As seen in the output the whole structure formed by the HTML tags needed to create an HTML table was generated correctly in order to respect the internal structure of the dataframe. Let's make another program with a complex dataframe. See the following program :
import pandas as pd
import numpy as np
frame = pd.DataFrame(np.random.random((4,4)),
index = ['white','black','red','blue'],
columns = ['up','down','right','left'])
print(frame)
s = ['<HTML>']
s.append('<HEAD><TITLE>My DataFrame</TITLE></HEAD>')
s.append('<BODY>')
s.append(frame.to_html())
s.append('</BODY></HTML>')
html = ''.join(s)
html_file = open('myFrame.html','w')
html_file.write(html)
html_file.close()
We start by creating a dataframe containing the labels of the indexes and column names. Next we focus on writing an HTML page through the generation of a string. The code s = ['<HTML>'] create a string that contains the code of the HTML page. Then we append the other HTML tags and the dataframe converted to HTML to the string.
The line html = ".join(s) stores the listing of the HTML page within the html variable. Finally we open a HTML file and write the content stored in the html variable into this file.
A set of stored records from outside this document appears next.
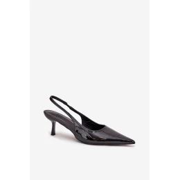 Dámské lakované lodičky na jehlovém podpatku s odkrytou patou Talira – černé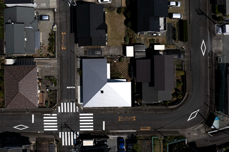 もともとこの場所には3階建ての大きな建物が建っており、周囲に影を落とし、威圧感を感じる角地でした。この場所に住まいを構えるにあたり、全体の高さを抑えた設計で、周囲に調和し、柔らかく馴染む住まいになるよう心掛けました。こうすることで、周辺の住宅にも日差しが届き、交差点の見通しもよくなり、街の景観にも変化が生まれました。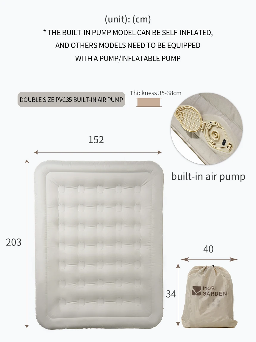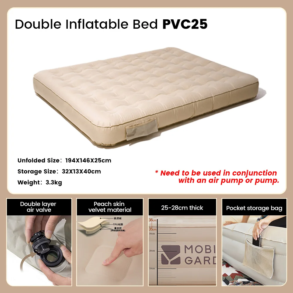 MOBI GARDEN Camping Air Mat Air Bed Portable Peach Skin Fabric PVC Thickness 25cm.
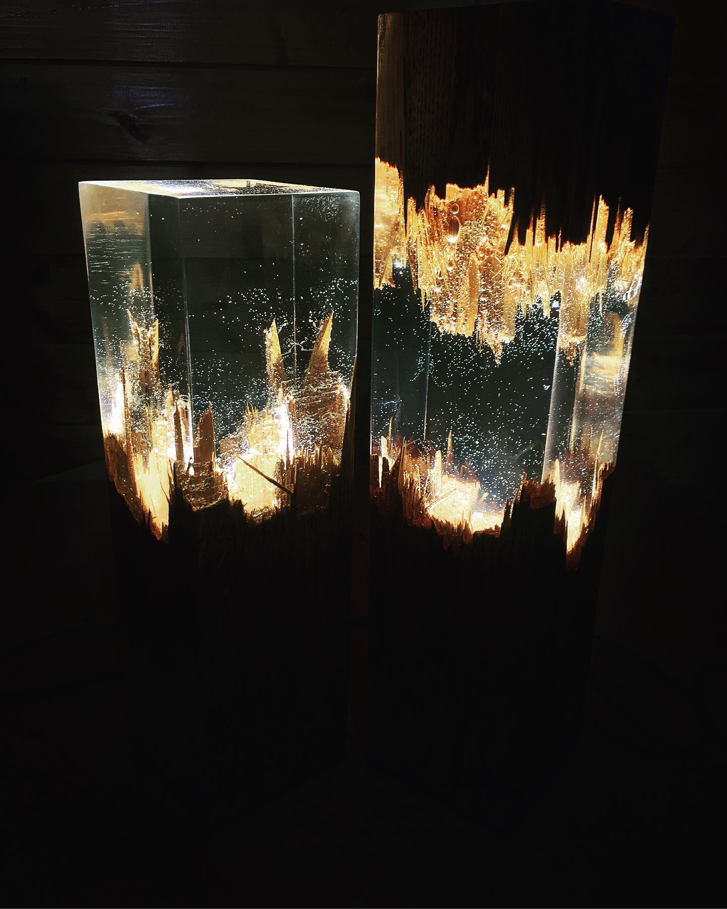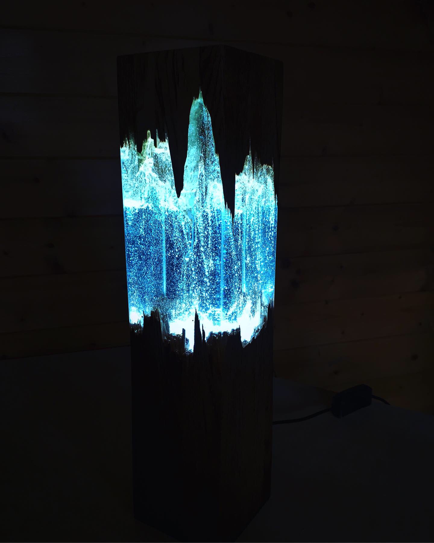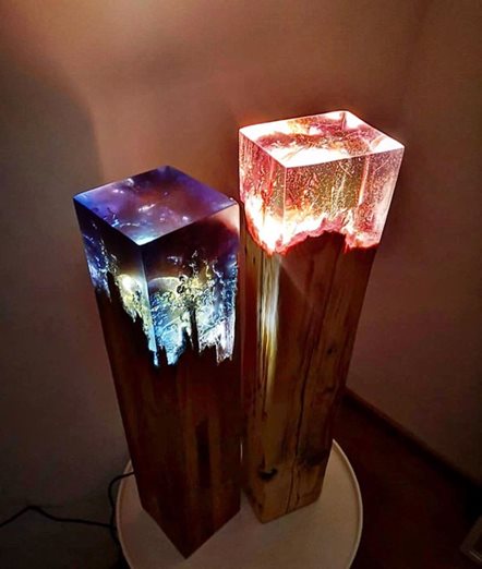 Výroba dekoračních lamp za použití dřeva a pryskyřice.
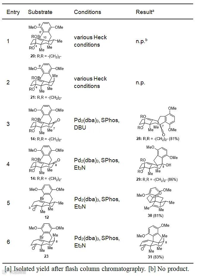 作者在构建倍半萜氢醌dysiherbol A(2)的6/6/5/6四环骨架时遇到了挑战。分别尝试了含有缩酮的底物20、21和14的Heck反应,均未得到预期的关环产物。作者还发现,酮12在Pd2(dba)3作催化剂、SPhos作配体、Et3N作碱时发生的Heck反应得到了重排产物30,而C8位甲基构型相反的酮23在相同的Heck条件下得到了预期的关环产物31。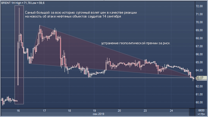 Также давление на нефтяные котировки оказывает обещание Саудовской Аравии в кратчайшие сроки (до конца сентября) восстановить работоспособность нефтяной инфраструктуры, которая пострадала от атак беспилотников 14 сентября.
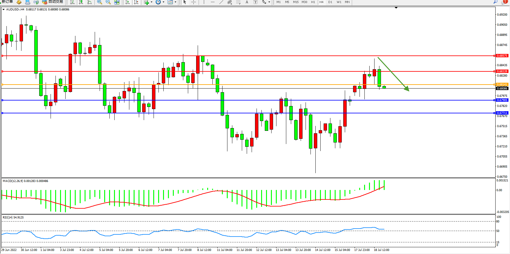 交易策略:0.68141下方看跌,目标0.67905、0.67711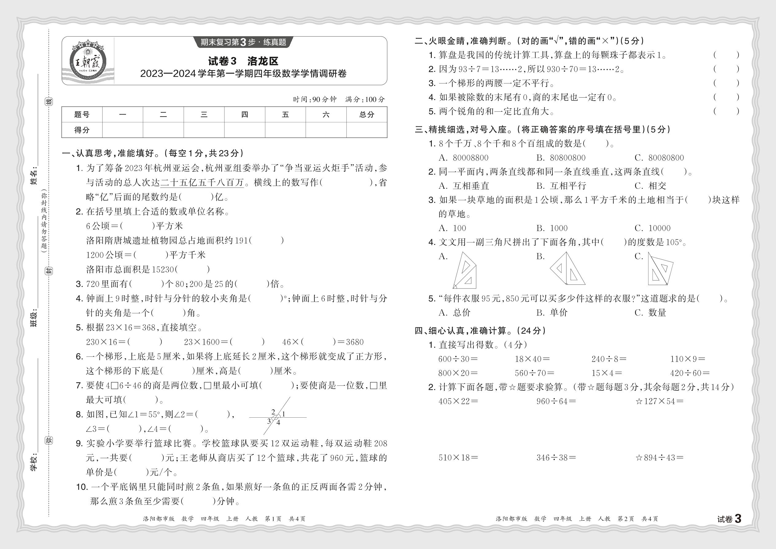 河南省洛阳市洛龙区2023—2024学年第一学期四年级数学学情调研卷【3】

The output of the program is shown below:
up down right left
white 0.175439 0.281051 0.197299 0.363159
black 0.060482 0.191544 0.065633 0.380458
red 0.440554 0.419918 0.906410 0.126702
blue 0.884483 0.463891 0.673394 0.094335
------------------
(program exited with code: 0)
Press any key to continue . . .
In the project directory a new file myFrame.html will be created which when opened displays the following table:
| up | down | right | left | |
|---|---|---|---|---|
| white | 0.175439 | 0.281051 | 0.197299 | 0.363159 |
| black | 0.060482 | 0.191544 | 0.065633 | 0.380458 |
| red | 0.440554 | 0.419918 | 0.906410 | 0.126702 |
| blue | 0.884483 | 0.463891 | 0.673394 | 0.094335 |
Thus you can see the dataframe is converted into a HTML table.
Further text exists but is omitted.